Set-up of the 3D model

Y201 cells were detached, resuspended in serum-free medium and seeded onto Wnt3a-immobilized 96-well plates at a density of 3 × 104 cells per well. Cells were left to adhere for at least 1 h before the medium was removed and the cells were covered with 50 µl per well of the appropriate hydrogel solution. To allow for gelation, gellan gum and collagen precursor solutions were incubated for 10 min at 37 °C, while PEG samples were irradiated with broad spectrum UV light for 5 min at a distance of 1.7 cm. GelMA precursor solution was set using a 100 mW/cm2 Knightsbridge FLF Floodlight visible light lamp (RS Components) for 5 min at a distance of 5.5 cm. After the hydrogels were set, 200 µl of appropriate medium was added on top of the gels and samples were incubated at 37 °C and 5% CO2 for 1 h, before the medium was replaced. Basic, chondrogenic or kartogenin-supplemented medium (described above in Section "Cell culture") was used for samples in basic, ‘TGF-β3’ and ‘kartogenin’ conditions, respectively. After 72 h of culture, kartogenin-supplemented medium was replaced with high glucose DMEM supplemented with 5% FBS, 1% L-Glutamine, 1% PS and 1% ITS. For all conditions, during the culture period medium was replaced every other day.
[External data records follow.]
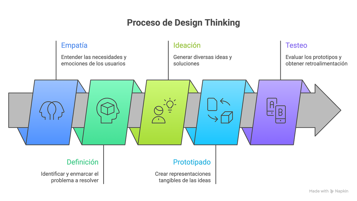 La relación entre design thinking e inteligencia artificial no es solo instrumental (usar IA dentro del proceso), es estructural.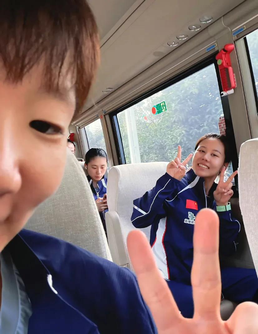 第五张照片十分经典,在车上王曼昱拿出手机拍照,难得掌镜,自己是剪刀手,陈幸同是双剪刀手和露出白白的牙齿,笑的很开心,两人很好,希望一直保持下去,友谊长存。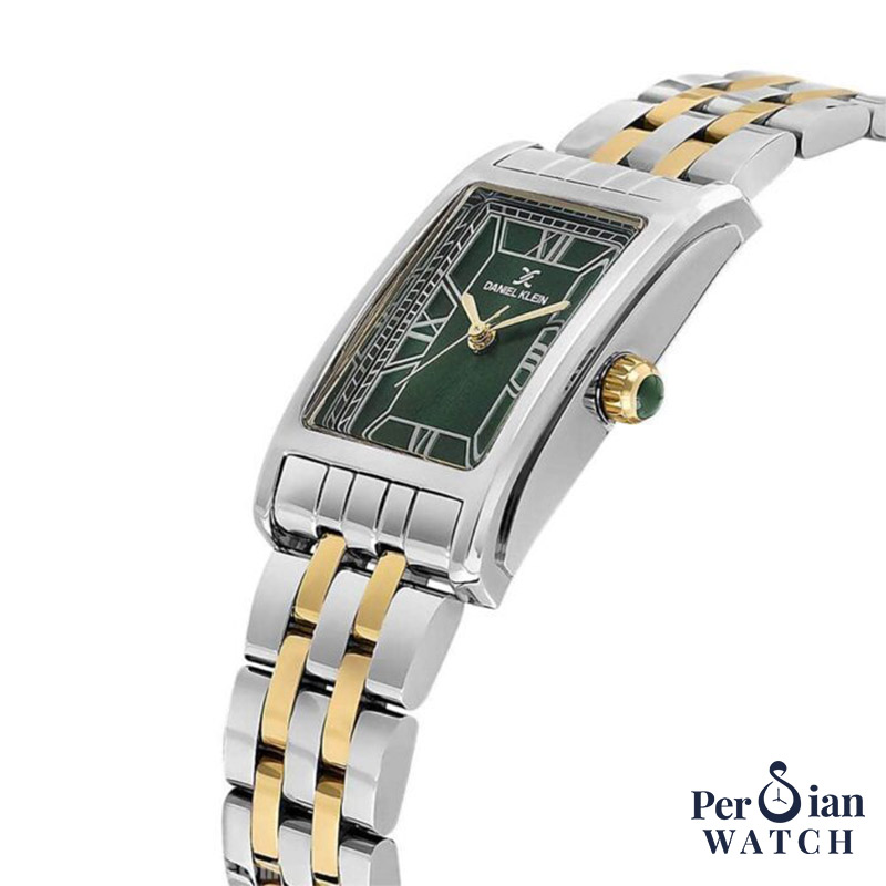 ساعت زنانه دنیلکلین DK.1.13936-5 از سری Premium، یک مدل مستطیلی ظریف با صفحه سبز و بند استیل دو رنگ (نقرهای–طلایی) است که ظاهر کلاسیک را با استایل مدرن ترکیب میکند. قاب مستطیلی استیل، صفحه سبز با بافت Sunray، بند دستبندی استیل ضدزنگ، موتور کوارتز آنالوگ و شیشه معدنی، این مدل را به گزینهای شیک برای استفادهی روزمره و رسمی تبدیل کرده است.

Optical coherence tomography (OCT)

4% (w/v) GelMA hydrogels were prepared in 96-well plate as described in Section "Preparation of hydrogel precursor solutions". Prepared hydrogels were covered with culture medium to simulate the experimental conditions and underwent OCT imaging on days 0, 3, and 7. A 20 µl medium was added while doing the imaging in order to prevent dehydration and reflection. Following the imaging procedure, 200 µl of the appropriate culture medium was added onto the hydrogels, and the samples were subsequently incubated at 37 °C. Mechanical property analysis was carried out utilizing debiased ambient vibration Optical Coherence Elastography (OCE). This technique, designed for mechanical contrast evaluation, was conducted using an OCT imaging system, with no supplementary hardware modifications. This approach allows for the non-contact, sterile assessment of mechanical properties, relying on using ambient vibrations. The OCT system employed in this study featured a lateral scanning distance of approximately 3.7 mm. Mechanical property assessment encompasses the generation of mechanical contrast maps and quantitative analysis through the calculation of Young's modulus (E). E is derived using a calibration curve established through nanoindentation and OCT imaging. The correlation between E and the estimated wavelength (λ) follows the equation E ∝ λ2, which justifies the utilization of the mean wavelength squared, λ2, in E calculation33.

Biochemical assays

Y201 cells cultured in monolayer (n = 4 per group) were washed with DPBS, detached and centrifuged to form a pellet, while the 3D cell constructs (n = 4 per group) were only washed with DPBS. 250 µL of Proteinase K (Invitrogen) (1 mg/mL dissolved in 100 mM ammonium acetate, pH 7.0) was added per 100 mg wet weight of sample. Samples were vortexed, then incubated at 60 °C with an additional vortex every 30 min until complete dissociation had occurred (~ 2 h). Proteinase K was inactivated by heating the samples to 100 °C for 5 min in a heat block. DNA content was quantified using the PicoGreen dye assay (Biosciences) following the kit instructions with a calf thymus DNA standard. Sulfated glycosaminoglycan (sGAG) content within the sample was quantified using the dimethylmethylene blue (DMMB) dye-binding assay with a chondroitin sulfate standard. The sGAG content secreted into media was analyzed using Glycosaminoglycan Assay Blyscan kit (Biocolor) following the kit instruction, also with a chondroitin sulfate standard. Cell proliferation in monolayers was quantified using the EdU (Abcam) and Ki67 (Abcam) assays following the kit instructions.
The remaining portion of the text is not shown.